LONDON — In the latest of several European terrorism alerts, the British police arrested 12 men before dawn on Monday in raids in three cities under counter-terrorism laws — the biggest operation of its kind for months, The New York Times reports.
The action, designed “to ensure public safety,” as the police put it, followed a suicide bombing in Sweden earlier this month and alarms in Germany over the reported threat of a terror attack modeled on the onslaught by gunmen in Mumbai.
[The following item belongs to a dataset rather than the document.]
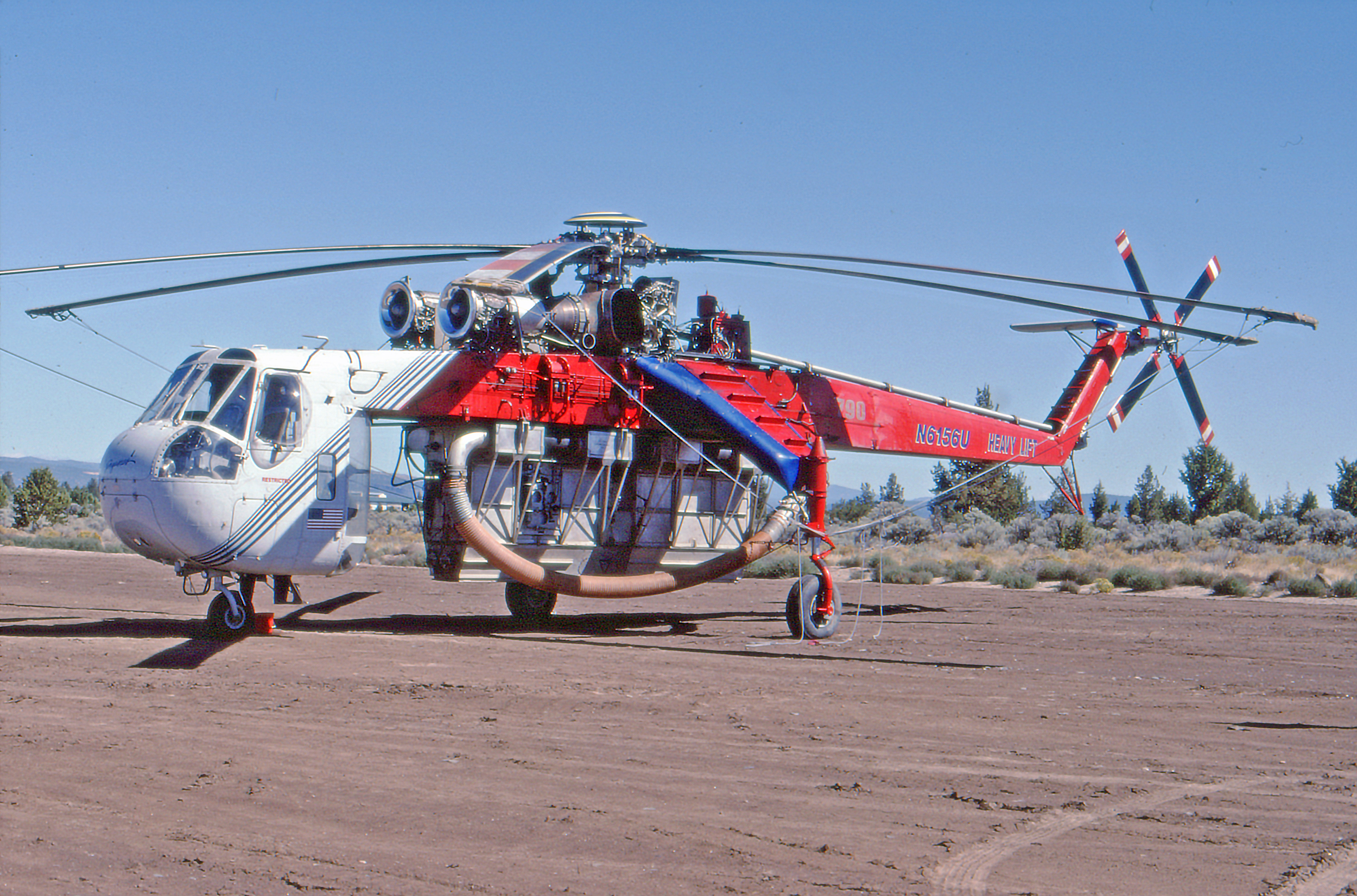 Sikorsky CH-54A Tarhe, s/n 66-18410, new to US Army in 1967. Later in civilian life a S-64A Skycrane, N6156U, Tanker 790, used for fire fighting missions flown by Heavy Lift Helicopters, Inc. Carrys two tanks, two doors on each tank, with total capacity of 2,600 US gallons. Shown here at the Prineville, Oregon, airport (PRZ/S39).

But a Scotland Yard spokesman, speaking in return for anonymity under police rules, said the arrests were not linked to an unfolding terrorism investigation in Luton, just north of London, where Taimour Abdulwahab Al-Abdaly, a 28-year-old Swedish-Iraqi man who killed himself and wounded two others when he detonated two bombs in Stockholm on Dec. 11, is said to have lived and studied. The spokesman said that no arrests have been made in Mr. Abdaly’s case, and that the enquiry continues.
The BBC said the 12 men arrested on Monday were involved in a plot to bomb unspecified targets in Britain, inspired by Al Qaeda. Some of the suspects were said to have Bangladeshi origins. John Yates, Britain’s ranking counter-terrorism police officer, said the detained men were from London, the Welsh city of Cardiff and Stoke-on-Trent in the English Midlands.